JERUSALEM, Feb 3: Top Israeli ministers approved on Thursday a pullback from five West Bank cities and the release of hundreds of Palestinian prisoners.
The gestures were approved just five days before Tuesday's key summit between Israeli Prime Minister Ariel Sharon and Palestinian leader Mahmud Abbas in what is set to be the most high-profile meeting between the two sides in more than four years.
"The ministers approved in principle an Israeli withdrawal from five West Bank cities," a senior Israel source said, without giving a start date for the process. Media reports said Israeli troops would withdraw from the city of Jericho "within the coming days".
Ministers also approved the release of several hundred Palestinian prisoners held in Israeli jails, the source added, without giving a number. Senior sources quoted by Israeli army radio suggested 900 prisoners would be released, with 500 to be freed after next week's summit, and another 400 in the coming three months.
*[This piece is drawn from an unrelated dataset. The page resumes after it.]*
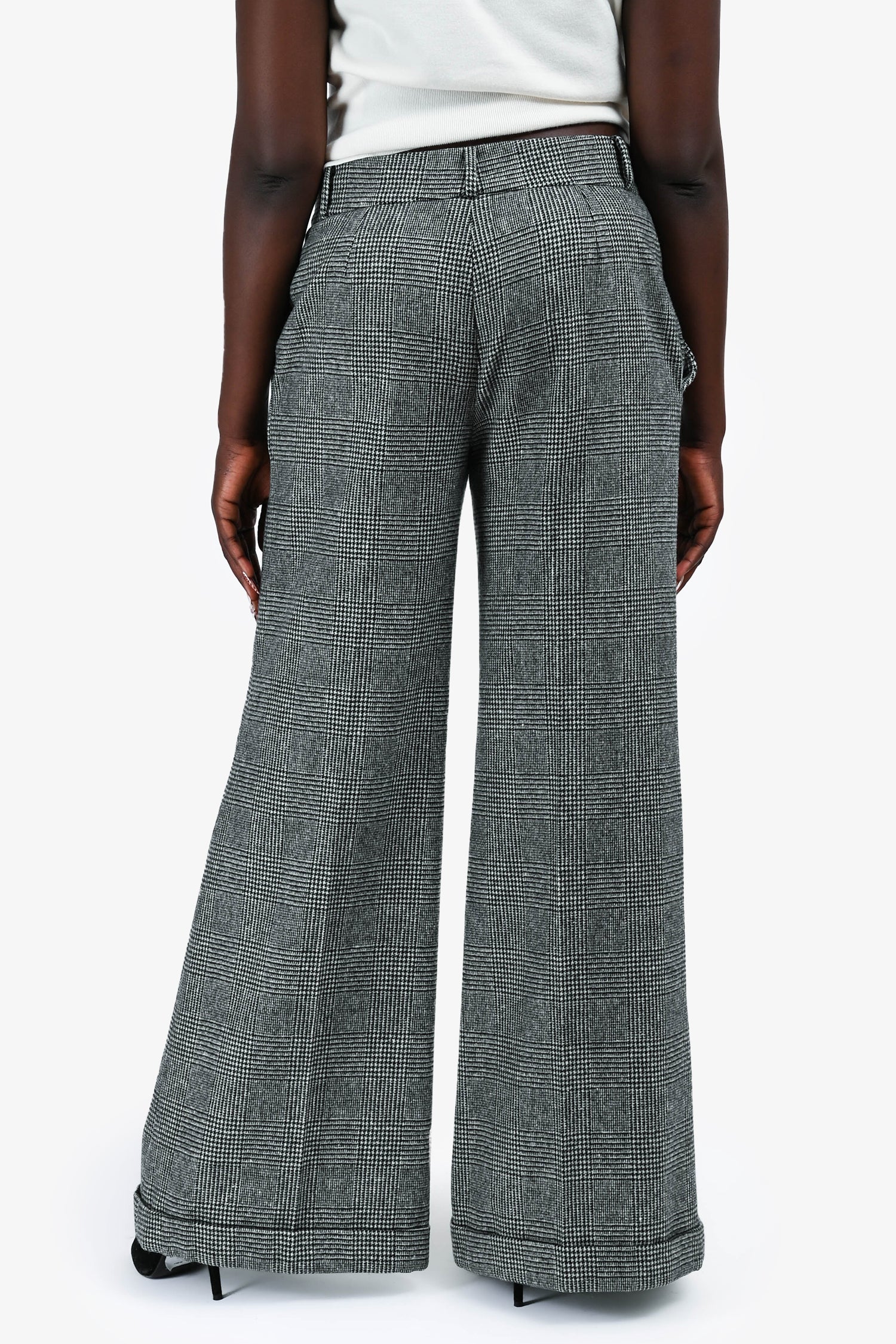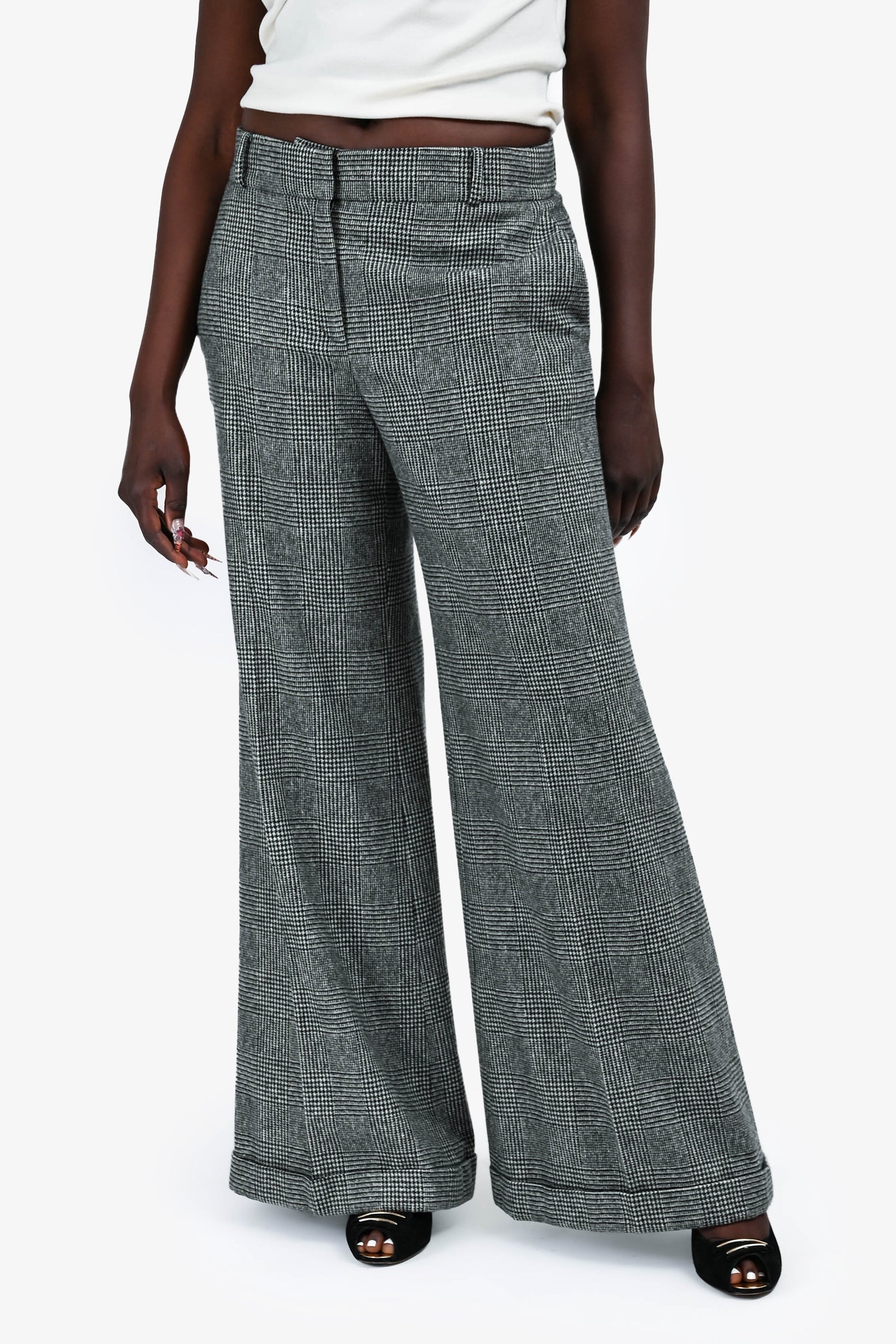 Refresh availabilityOscar de la Renta Grey Plaid Wide Leg Trousers. Zip fly with hook-and-bar closure. Front pleats. Side slit pockets. Wide leg silhouette. Tonal stitching.

Israel and the Palestinians were widely expected to draw a line under more than four years of deadly violence at the summit, which is to take place in the Egyptian Red Sea resort of Sharm el Sheikh.
Mr Abbas said on Thursday he expected Israel to formally announce that it would match an unofficial Palestinian cease fire, which has seen a rare period of calm descend on the region. "We have decreed a cease fire and the Israeli side must announce the same thing," Mr Abbas told reporters in Ramallah.
Tuesday's summit will be the first time Israeli and Palestinian leaders have met since 2000, and is the clearest indication yet of tangible progress in the peace process, which ran aground after the launch of the internationally drafted roadmap in 2003.
The process is also expected to receive a boost from next week's visit by new US Secretary of State Condoleezza Rice after President George Bush vowed in his State of the Union speech to push for the creation of a Palestinian state.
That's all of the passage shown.